Benjamin Ingrosso singles chronology
| "Kite" (2024) | "Better Days" (2024) | "Honey Boy" (2024) |

Music video
- "Better Days" on YouTube

= Better Days (Benjamin Ingrosso song) =

2024 single by Benjamin Ingrosso

"Better Days" is a song by Swedish singers Benjamin Ingrosso. It was released on 5 April 2024 as the second single from his fifth studio album, Pink Velvet Theatre. It peaked at number 7 on the Swedish chart.

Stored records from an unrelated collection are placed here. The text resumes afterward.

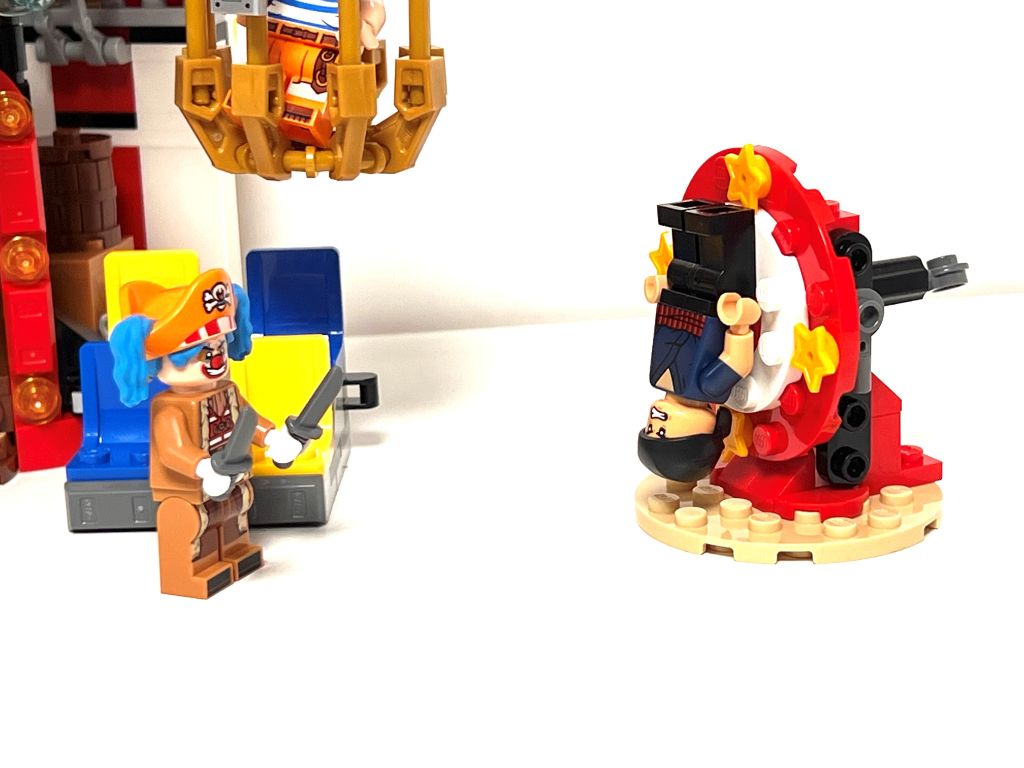 La cage suspendue pour Nami peut s’ouvrir facilement et n’est pas fixée à la structure du chapiteau. La roue de la mort pour Zoro a une molette à l’arrière pour la mettre en rotation. Le réservoir d’eau dans lequel Luffy manque de mourir a une fonctionnalité d’éjection pour une des parois. Il y a aussi les caisses et tonneaux dans lesquels les héros enferment les différents morceaux de Baggy en fin d’affrontement.
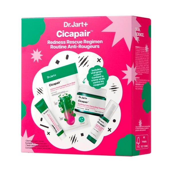 Os produtos Cicapair™ são icônicos para a pele sensível e com vermelhidão. Este conjunto de cuidados com a pele coreano contém uma máscara facial calmante, um sérum reparador da barreira cutânea e um creme hidratante com extrato de Centella Asiática. Inclui o corretor de cor, um híbrido entre maquiagem e tratamento que corrige instantaneamente a vermelhidão visível, as imperfeições e uniformiza o tom da pele.
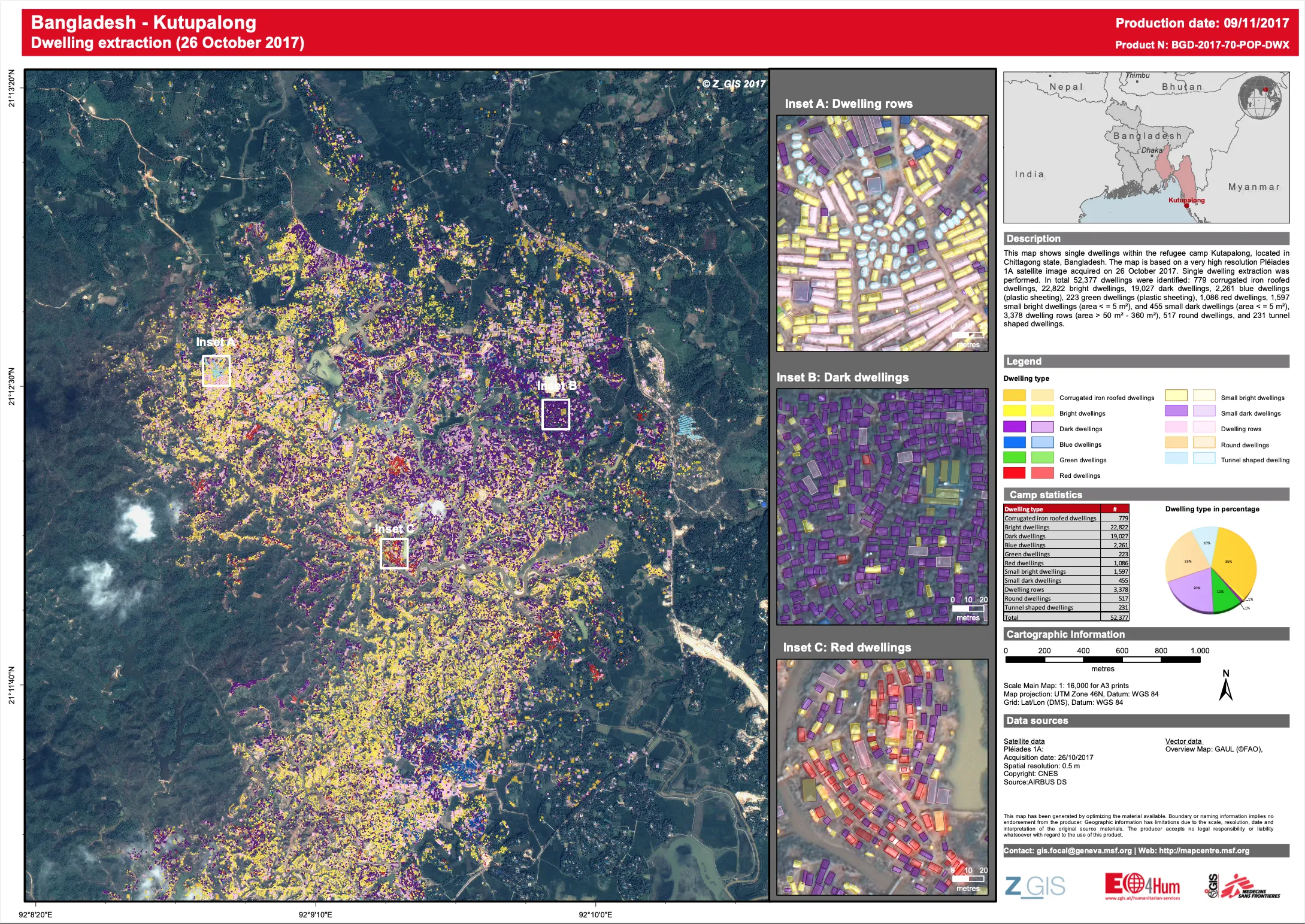 Diese Karten geben Aufschluss darüber, wie viele Gebäude, Hütten oder Zelte in dem Gebiet von Interesse existieren. Dabei können unterschiedliche Typen an Behausungen unterschieden werden. Durch Erfahrung weiß man in etwa, wie viele Menschen durchschnittlich in einem Gebäude, in einer Hütte oder in einem Zelt leben. Dadurch ist es möglich, durch die Aufnahmen abzuschätzen, wie viele Menschen in einem Gebiet leben.

Ingrosso said "'Better Days' is about hope, youthful naivety, and longing for things to get better. It somewhat describes my personality – to always want to see the positive and believe that everything will get better. I’ve been holding on to this song for almost 4 years, but all the upcoming songs very much describe my current state of mind, the pursuit of a happy life well spent. I want to spread love."

==Critical reception==
Scandipop said "The retro-hued track sees Benjamin lean into his ABBA-laden musical heritage, and it's already sounding like it'll be a future classic amongst his own rich repertoire."

==Charts==
===Weekly charts===

Weekly chart performance for "Better Days"
| Chart (2024) | Peak position |
|---|---|
| Sweden (Sverigetopplistan) | 7 |

===Year-end charts===

Year-end chart performance for "Better Days"
| Chart (2024) | Position |
|---|---|
| Sweden (Sverigetopplistan) | 83 |

== Certifications ==

Certifications for "Better Days"
| Region | Certification | Certified units/sales |
| Sweden (GLF) | Gold | 6,000,000^{†} |
^{†} Streaming-only figures based on certification alone.